Schedule

 

FRAMEWORKS FOR THINKING ABOUT THE URBAN: A FIRST PASS

Wednesday, September 3

Cities today.

Lecturer: Leonard Nevarez.

Questions for today:

1. How does a city differ from a metropolis and an urban area?

2. How is urbanization different than urbanism?

 

Monday, September 8

The urban crisis.

Lecturer: Leonard Nevarez.

Questions for today:

1. How has the historical context in which urban studies emerged shaped its agenda?

2. How do 'problems in the city' differ from 'problems of the city'?

 

Assigned readings:

Beauregard, Robert. 2010. "Urban Studies." Pp. 931-6 in Encyclopedia of Urban Studies, edited by R. Hutchison. Thousand Oaks, CA: Sage.

Fishman, Robert. 2000. "The American Metropolis at Century's End: Past and Future Influences." Housing Policy Debate 11(1): 199-213.

Brenner, Neil. 2013. "Theses on Urbanization." Public Culture 25(1): 85-114.

 

Wednesday, September 10

The right to the city.

Lecturer: Leonard Nevarez.

Question for today:

1. What basic needs in the lives of individuals and households do cities provide?

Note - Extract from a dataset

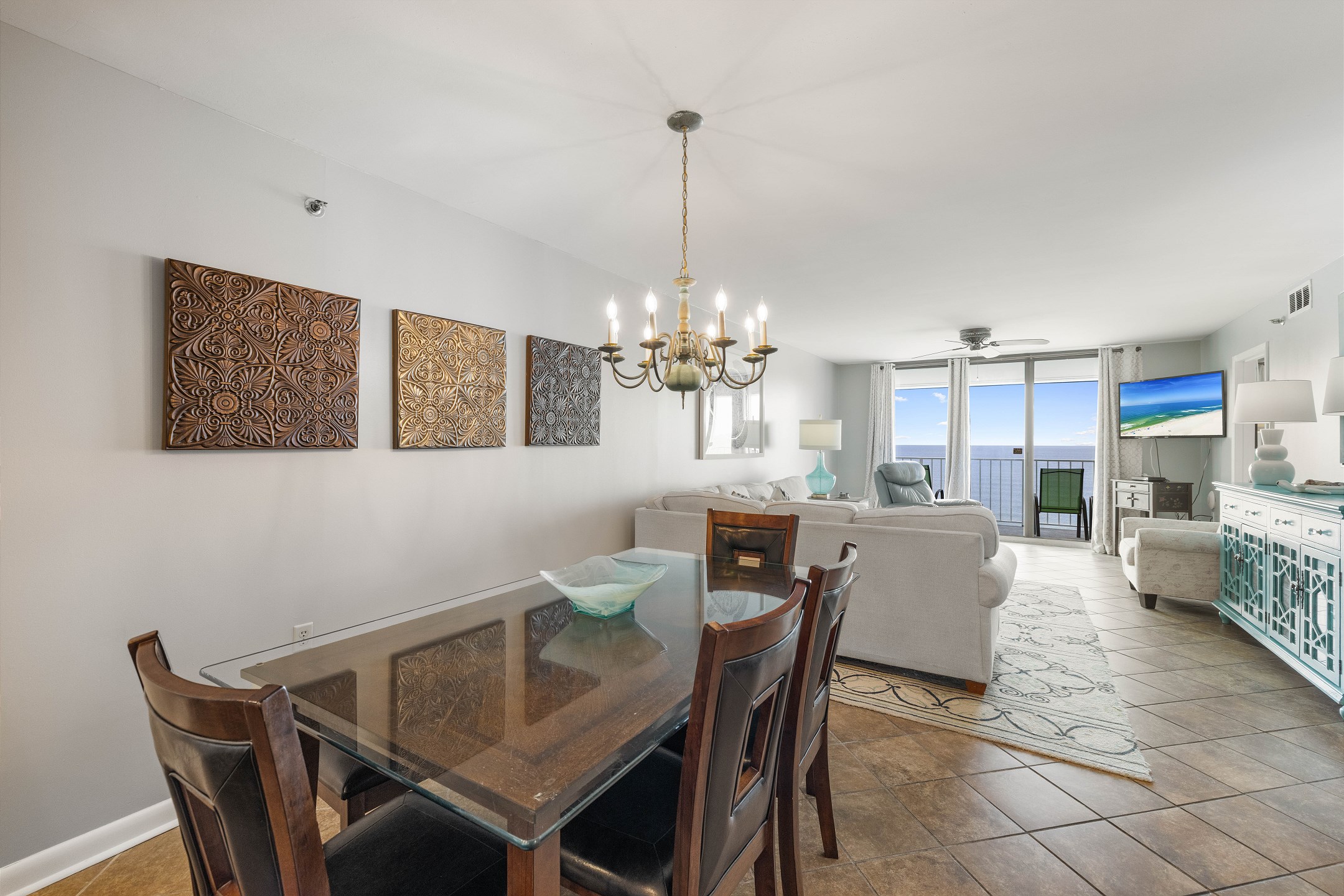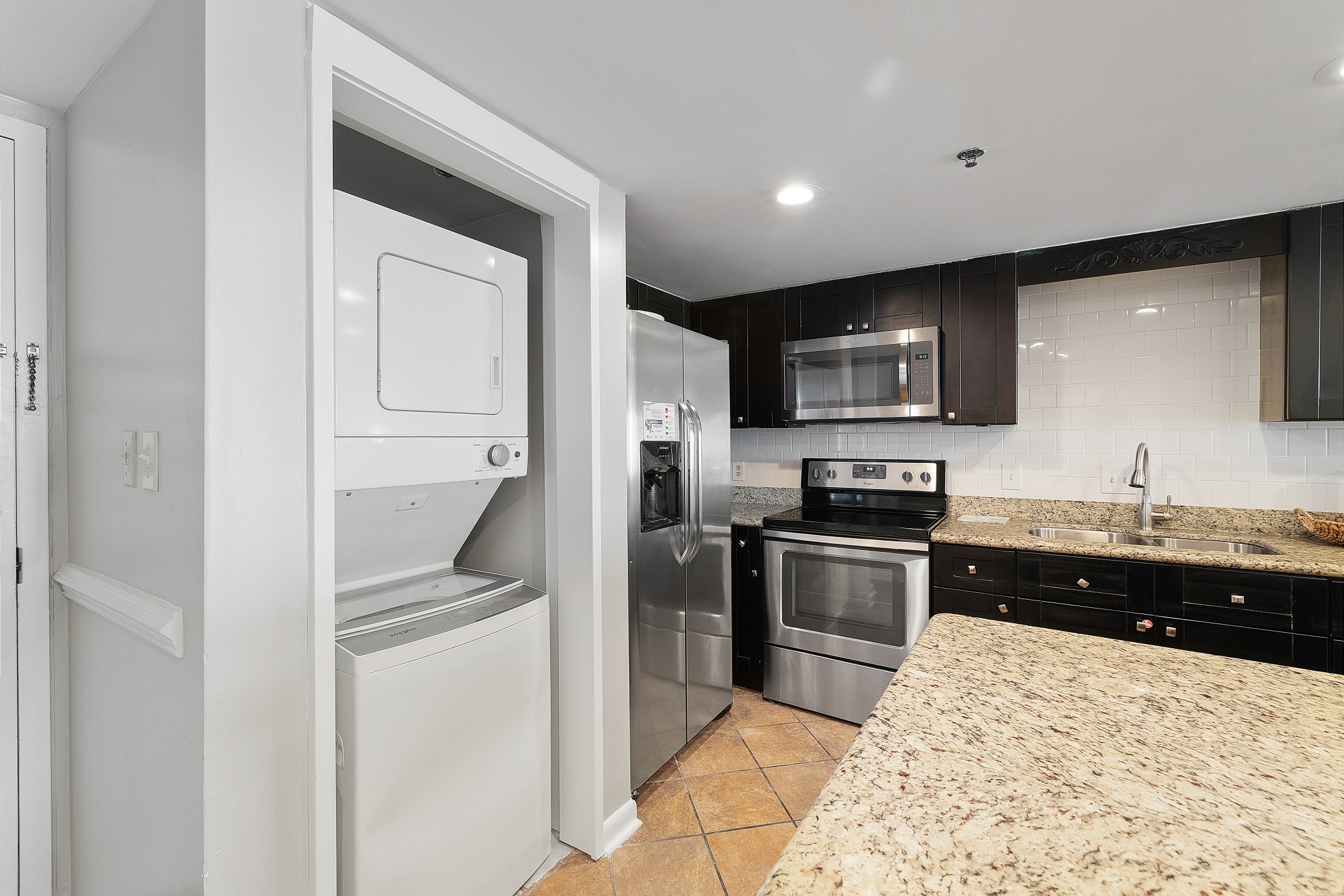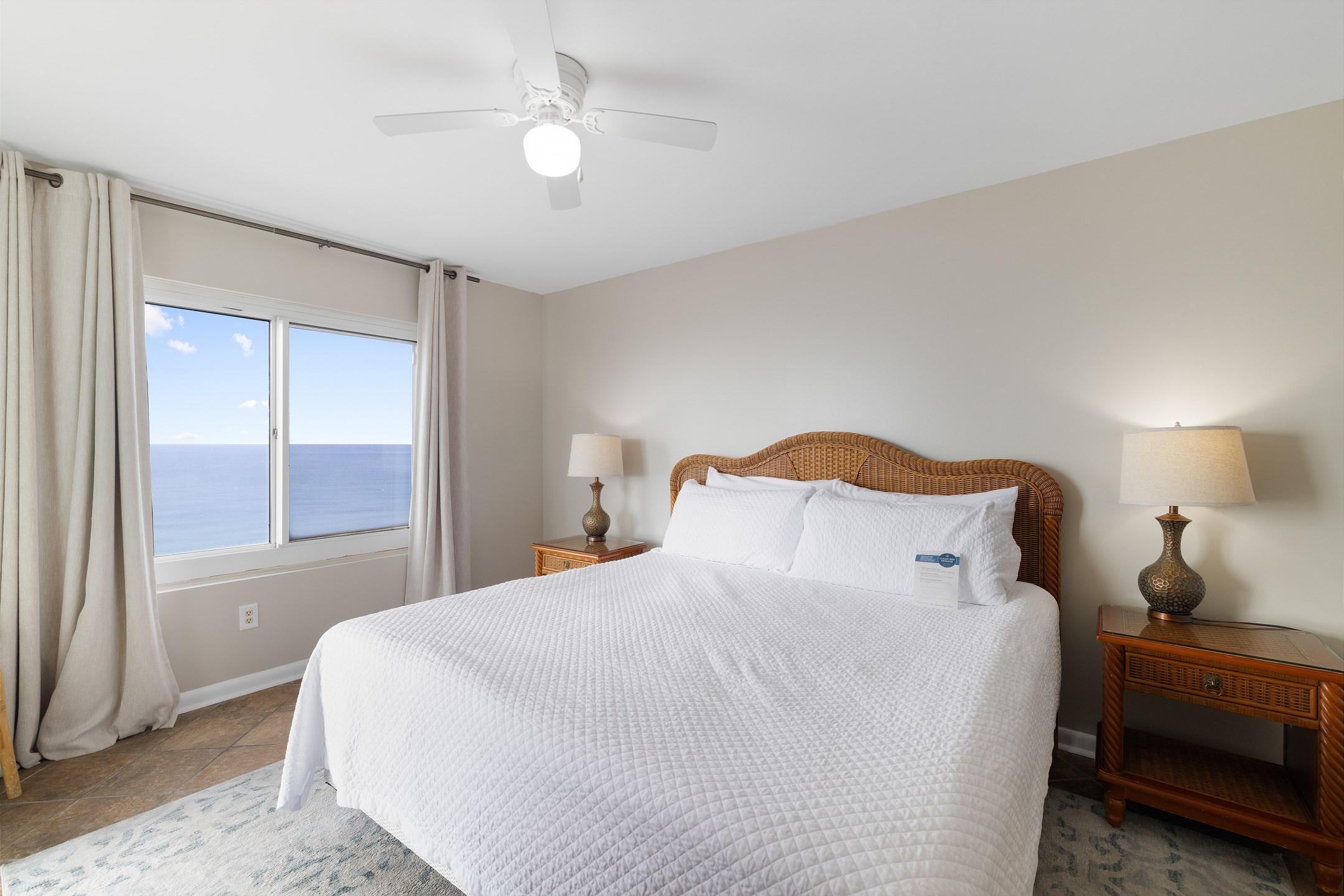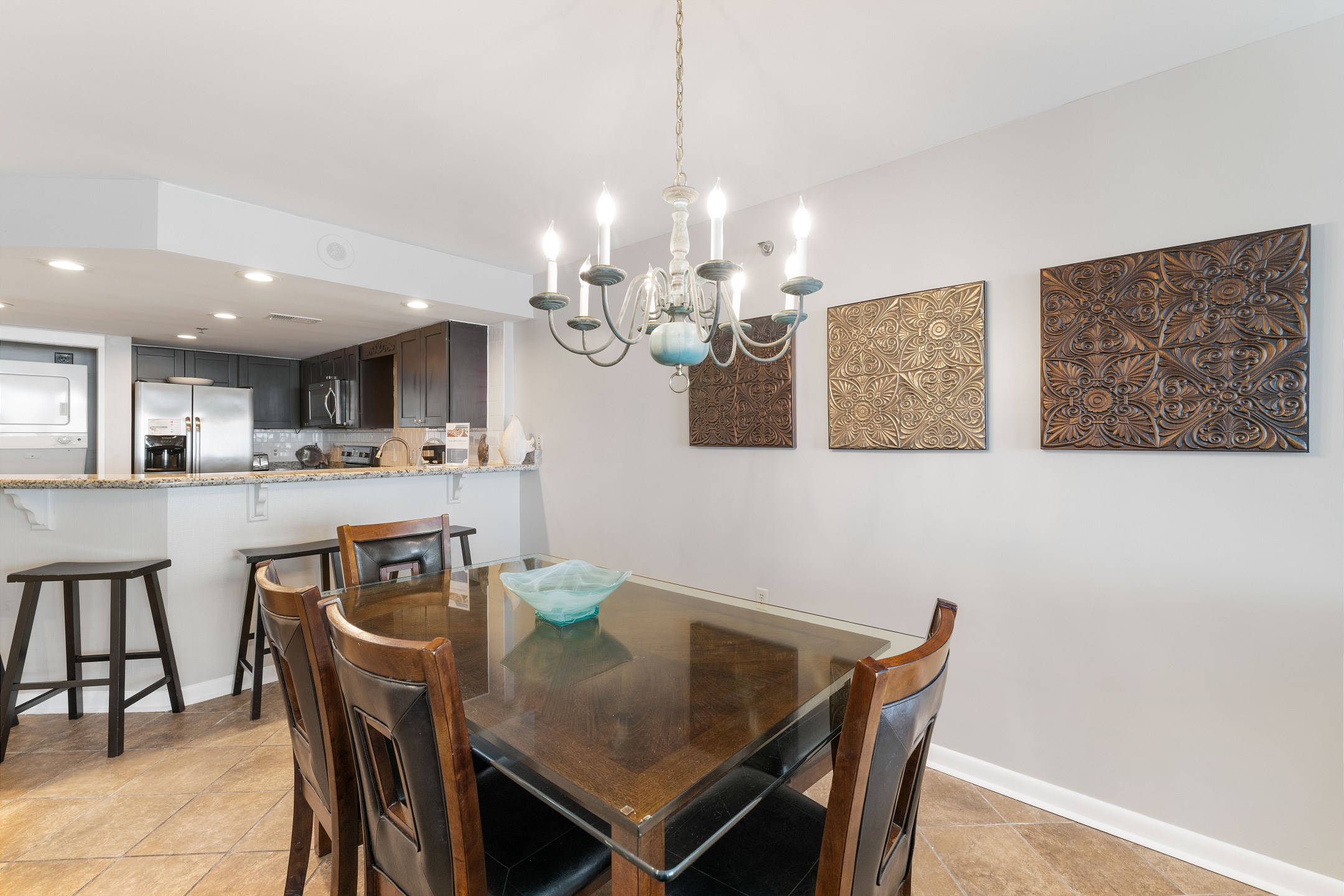 Elegance and comfort extend throughout the condo with tile floors, providing a cool respite from the beach's heat. Additionally, a washer and dryer add the convenience of home, making your stay both relaxing and practical.

2. How does 'the right to the city' provide a framework for evaluating and intervening in urban life and urban structure?

 

Assigned readings:

Boo, Katherine. 2012. "Annawadi." Pp. 3-16 in Behind the Beautiful Forevers. New York: Random House.

Harvey, David. 2008. "The Right to the City."New Left Review 53(Sep-Oct): 23-40.

 

CULTURAL HISTORY AND THE EARLY INDUSTRIAL CITY

Monday, September 15

The growth of the industrial city.

Lecturer: Lydia Murdoch.

Questions for today:

1. What major demographic, social, and environmental changes marked the rise of modern industrial cities in the early nineteenth century?

2. How, according to Engels, did urbanization contribute to the rise of distinct class identities? 

 

Assigned reading:

Engels, Friedrich. 1987 [1845]. "The Great Towns." Pp. 68-110 in The Condition of the Working Class in England. New York: Penguin Books. 

 

 

Wednesday, September 17

State power and 19th-century urban reform movements.

Lecturer: Lydia Murdoch.

Questions for today:

1. How did the nineteenth-century growth of state-directed urban reform movements influence the formation of social classes and class conflict?

2. How did urban reform movements contribute to power relations in the imperial context?

 

Assigned readings:

Wohl, Anthony S. 1983. "Fever! Fever!" Pp. 117-141, 372-377 in Endangered Lives: Public Health in Victorian Britain. Cambridge, MA: Harvard University Press.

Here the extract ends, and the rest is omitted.